Dr. Talia Varley holds a Master of Public Health from Harvard University and MD from McMaster University. She is the physician lead for Advisory Services at Cleveland Clinic Canada, a medical centre where physicians, wellness experts and management consultants help organizations improve employee health and manage organizational risk.
As doctors and business advisers, we are seeing more academic and real-life evidence that office models – whether remote, hybrid or in-person – correlate with employees’ cognitive health, a key component of overall brain health that describes the ability to clearly think, learn, problem-solve and remember. All are essential components of performing everyday workplace activities.
Although hybrid, remote and ‘telecommuting’ work arrangements have been studied for decades, the widespread acceptance and implementation of remote work since the beginning of the pandemic has turbocharged research in this area and added to our knowledge base.

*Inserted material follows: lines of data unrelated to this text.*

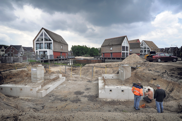 In opdracht van de gemeente Nunspeet wordt gewerkt aan brugfunderingen naast het door Van de Wetering gebouwde appartementencomplex de Parelhorst.
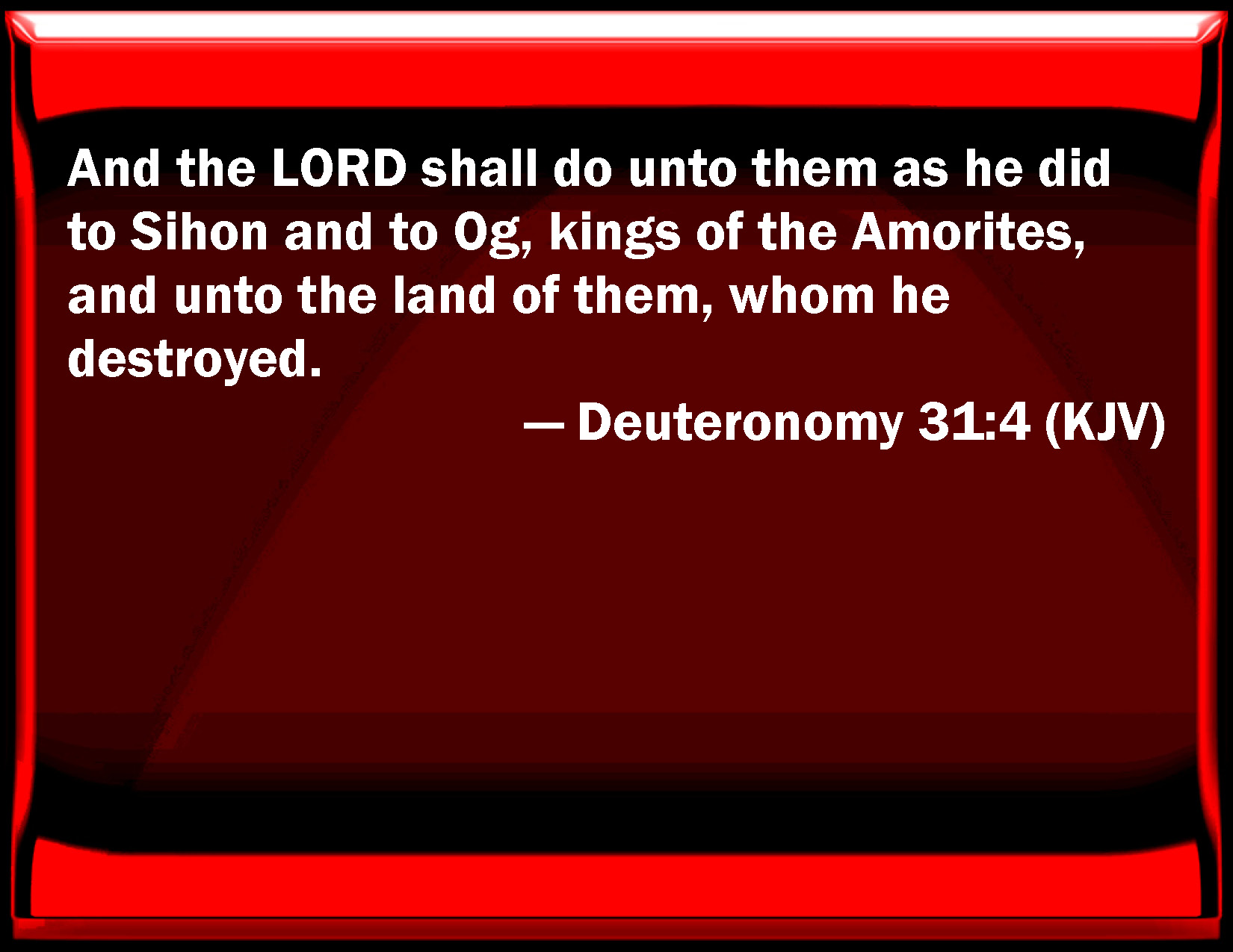 Bible Verse Slide Deuteronomy 31:4 And the LORD shall do to them as he did to Sihon and to Og, kings of the Amorites, and to the land of them, whom he destroyed. KJV: And the LORD shall do unto them as he did to Sihon and to Og, kings of the Amorites, and unto the land of them, whom he destroyed. DRB: And the Lord shall do to them as he did to Sehon and Og the kings of the Amorrhites, and to their land, and shall destroy them. DBT: And Jehovah will do to them as he did to Sihon and to Og, the kings of the Amorites, and to their land; whom he destroyed. ERV: And the LORD shall do unto them as he did to Sihon and to Og, the kings of the Amorites, and unto their land; whom he destroyed. WBT: And the LORD shall do to them as he did to Sihon, and to Og, kings of the Amorites, and to the land of them, whom he destroyed. WEB: Yahweh will do to them as he did to Sihon and to Og, the kings of the Amorites, and to their land; whom he destroyed. YLT: and Jehovah hath done to them as he hath done to Sihon and to Og, kings of the Amorite, and to their land, whom He destroyed.Links Deuteronomy 31:4 NIV • Deuteronomy 31:4 NLT • Deuteronomy 31:4 ESV • Deuteronomy 31:4 NASB • Deuteronomy 31:4 KJV • Deuteronomy 31:4 Interlinear • Deuteronomy 31:4 Commentaries • Deuteronomy 31:4 Parallel Texts • Deuteronomy 31:4 Bible Apps • Deuteronomy 31:4 Parallel • Bible Hub |
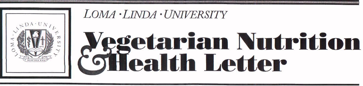 Subscriptions USA: $24 per year, Canada: US$34 per year, Foreign: US$ 44 per year Customer and Subscriber Services 1171 Nichol Hall, School of Public Health, Loma Linda University, Loma Linda, CA 92350 Editorial Correspondence Vegetarian Nutrition and Health Letter 1171 Nichol Hall, School of Public Health, Loma Linda University, Loma Linda, CA 92350 e-mail: vegletter@sph.llu.edu Vegetarian Nutrition & Health Letter is published 10 times per year by Loma Linda University. |
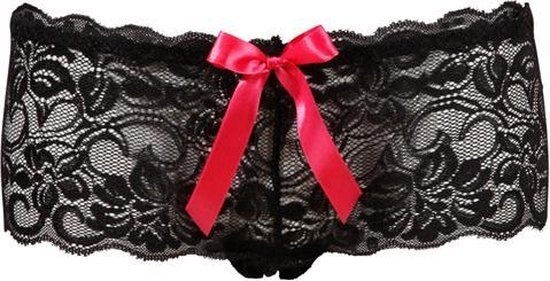 Zwart kanten broekje met opvallende roze strik aan de voorzijde en een open kruisje. Op de achterkant zit ook een klein roze strikje bevestigd. Het broekje sluit nauw aan en geeft een sexy look!

Today, there is a growing body of research that, when stitched together, is cause for concern. For companies that want to maintain strong hybrid and remote work options, these studies raise issues that should be addressed to help maintain team engagement and employees’ cognitive health.
Prior to the pandemic, researchers concluded that the loneliness and isolation that can accompany remote work can have a detrimental effect on cognitive health in the long-term. In 2020, a Microsoft study found that remote collaboration is more mentally challenging than in-person collaboration. Specifically, brainwave patterns associated with stress and overwork – which can both lead to cognitive decline – were significantly higher when collaborating remotely rather than in person.
Additionally, fully remote and hybrid work have shown association with increased likelihood of symptoms for anxiety and depression compared to in-person work. And the video calls, text messages, social media and other communication tools that should logically alleviate loneliness and enhance collaboration can actually cause exhaustion and stress, which have been associated with reduced creativity and depression. Depression can further change our ability to think, and impair attention, memory, information processing and decision-making skills.
There’s more. Last year, Dutch researchers found a statistically significant decrease in cognitive performance when a chess player competes online versus offline, face-to-face. A Memorial University study, based on a preliminary review of data, revealed individuals experienced a meaningful memory deficit and recalled fewer instructional details when receiving information provided through a telehealth system compared to the same information provided in person.
Meanwhile, McKinsey & Co. released a 25,000-person survey last summer that revealed fully remote and hybrid workers suffered considerably more physical and mental health issues, which can impact cognitive health.
While certain recent research paints hybrid and remote work more positively, citing benefits such as better life balance and improved well-being, the overall data that I see still slants negative for cognitive health as a whole.
This is all happening at a time when deeper cognitive skills and more innovation, creativity and problem-solving are expected to play a proportionately larger role in performing white-collar jobs. In my role advising Canadian corporations, I hear C-suite concerns around the potential impact of remote work on employee anxiety, isolation, burnout and – in tandem – cognitive health.
These concerns are not misplaced: We know cognitive engagement is often enhanced in in-person environments that host teams on-site, but still offer places for individual work and uninterrupted thinking.
So how can companies support their remote workers and maintain cognitive health for remote and hybrid workers? It starts with the basics: regular breaks, physical activity and positive stimulating ‘mind games’ such as hobbies and crosswords. It also includes healthier and more active lifestyle decisions, strong social connections and better sleep habits. Moving is critical to maintaining cognitive health.
Research from Harvard University shows that moderate walking of just 20–30 minutes a day can slow cognitive decline, boost memory and thinking, and is even associated with reduced risk of depression and anxiety. It is imperative that companies pro-actively offer mental and physical health care supports that lead to better cognitive health, are tailored to remote and hybrid settings and ensure employees know these services are available.
In addition, support can include a temporary or gradual return to the workplace, where employees can both see and feel benefits such as greater purpose and more opportunity to experience cognitive ‘wins’ (for example, creative in-person working sessions, productivity increases and enhanced mood linked to better performance).
It is important to note that some cognitive health gains are also likely to evolve over time as workers adapt to new models. The chess study mentioned earlier noted that the cognitive performance gap of remote versus in-person players decreased over time, suggesting that some adaptation to a newly remote work setting is likely.
All that said, it’s important to recognize a few key realities. One, not all employees’ cognitive health and related skillsets will be affected to the same degree by remote or hybrid work. Two, in-person work also comes with its own stresses and anxieties. And three, just showing up at the office may not lead to cognitive benefits. The act of going into the office is not of singular paramount importance – it’s the social interactions and workplace connections available there.
Finally, there remain many good reasons to offer remote work to employees. For the right roles and the right people, remote and hybrid work provides the flexibility that many employees require while maintaining their productivity.
It will take time for research to more conclusively determine if remote and hybrid work does affect the cognitive health of employees long-term, and, if so, how and how much. But based on what we have learned, it makes sense for progressive companies to take actions today that assume cognitive health impacts are likely.